Сейчас зато я узнал, почему меня не любила воспитательница в моем детском саду на Западной Украине. Дети прямо и непосредственно чувствуют любовь-нелюбовь. И детям важно расти в любви и добре. В общем, уже совсем недавно, спустя 50 лет, я узнал, почему она меня не любила. Когда она заканчивала школу, у нее в классе учился мальчик, который ей нравился. Мальчик взял гранату и убил в городе нашего офицера и двух солдат. Мальчика судили и расстреляли. А девочка эта на всю жизнь возненавидела все, что связано с СССР и Россией.
А тогда, в детстве, мне была непонятна эта нелюбовь ко мне – так же, как преувеличенная любовь к Украине. Даже в детскую логику и детское понимание того, что такое хорошо, такие взгляды и такое отношение к другим не укладывались. Да, надо сказать, не укладываются и до сих пор.

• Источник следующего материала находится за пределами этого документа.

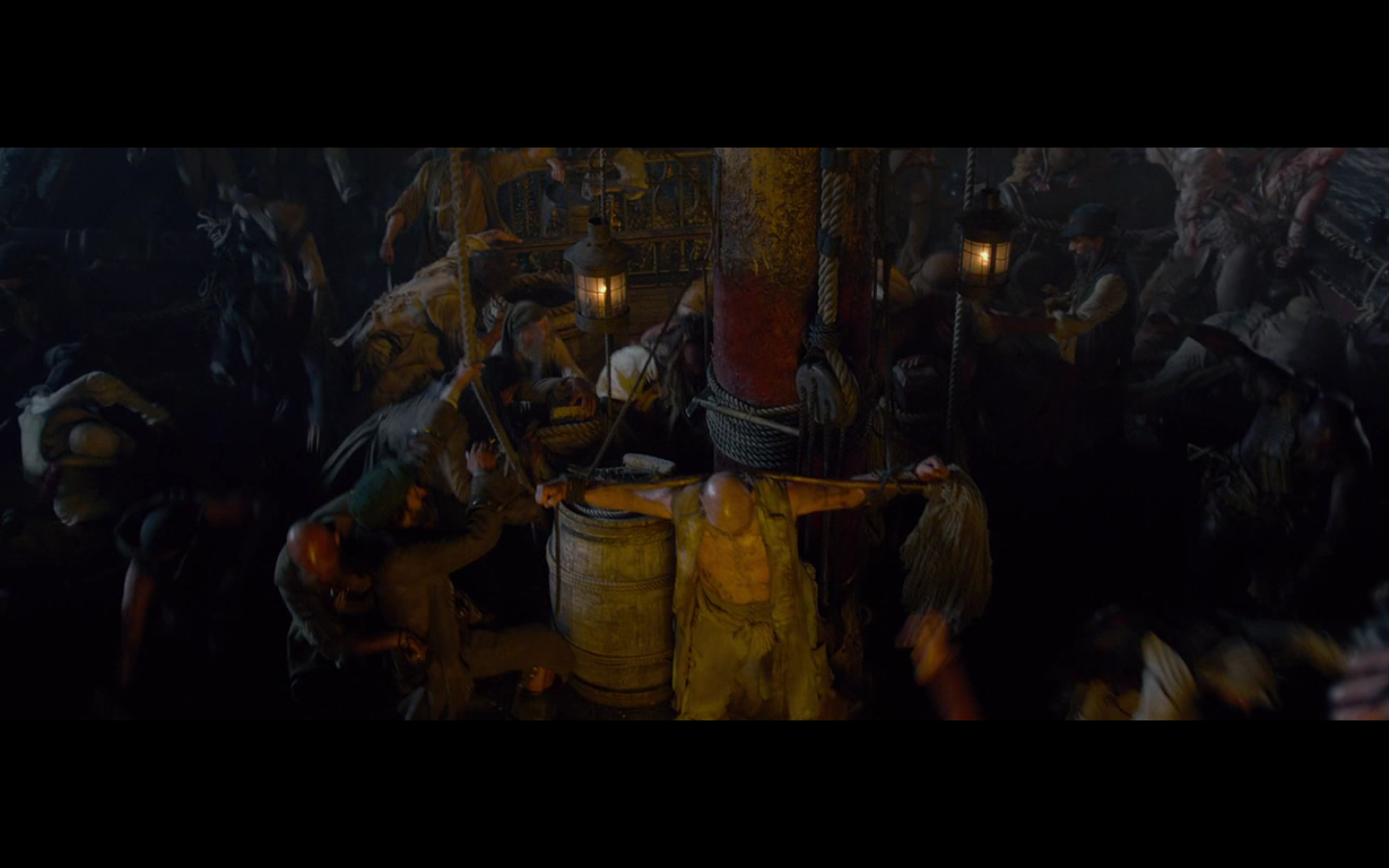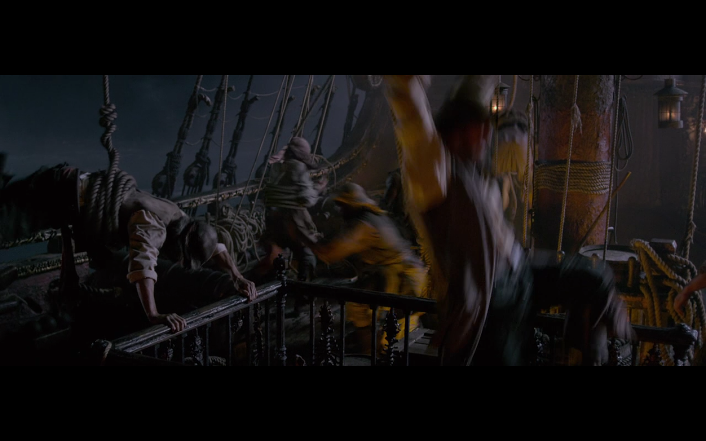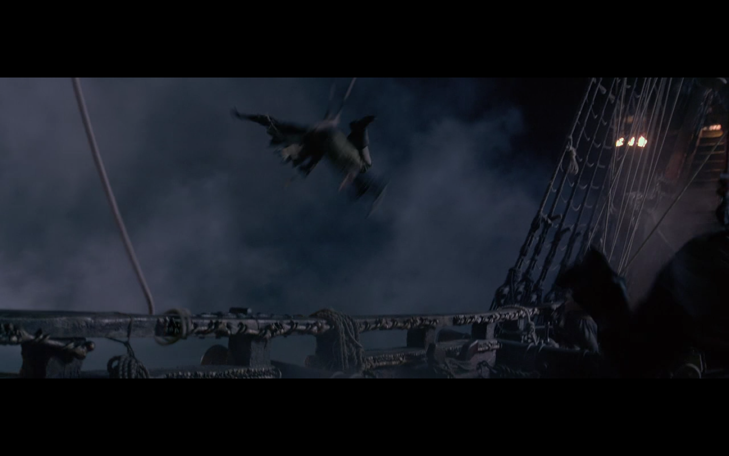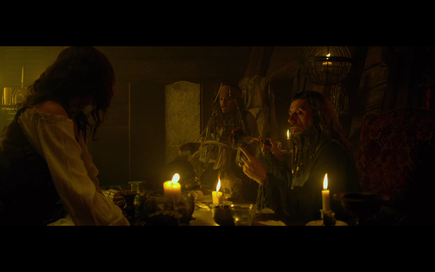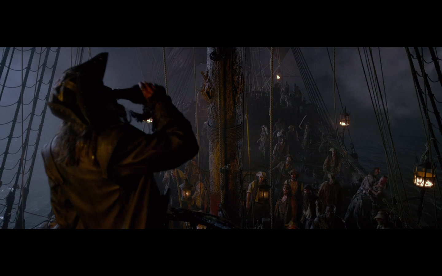 This whole movie seems full of fog. It’s either dark, foggy, or both at pretty much all times. Look at how bad this looks. There’s no crispness to any of the images. That really bothers me. Think back to when Elizabeth has her first dinner with Barbossa on the Pearl — that was in a dim, candle-lit room, and it looked WAY better than this.

А когда это возникло? – Что? – Ну тот самый вопрос про русских?
Возникло это года в 3-4, в детском саду в Куйбышеве. Воспитательница сказала нам: все русские мальчики, соберитесь тогда-то там-то.
А я ходил за воспитательницей и все спрашивал: а я кто? Ведь я знал, что часть моих родственников с Украины. Русский ли я? Кто я? Это ведь так мучительно, ответить на этот вопрос.
Она мне и сказала, что я русский.
В моей группе детского сада обижали маленького мальчика-чуваша. Вот воспитательница собрала нас и объяснила: Вы – русские! Знаете, кто такие русские? Чем отличаются русские? Мы, конечно, дружно сказали, что нет. Воспитательница нам тогда и говорит: Русские – это те, кто всегда защищает слабых! Русские – это те, кто всегда защищает тех, кого обижают! Русские – это те, кто защищает других!
Так и был сформулирован воспитательницей детского сада один из главных принципов глобальной модели будущей русской национальной идеи: Русский – это вопрос не биологии, а аксиологии.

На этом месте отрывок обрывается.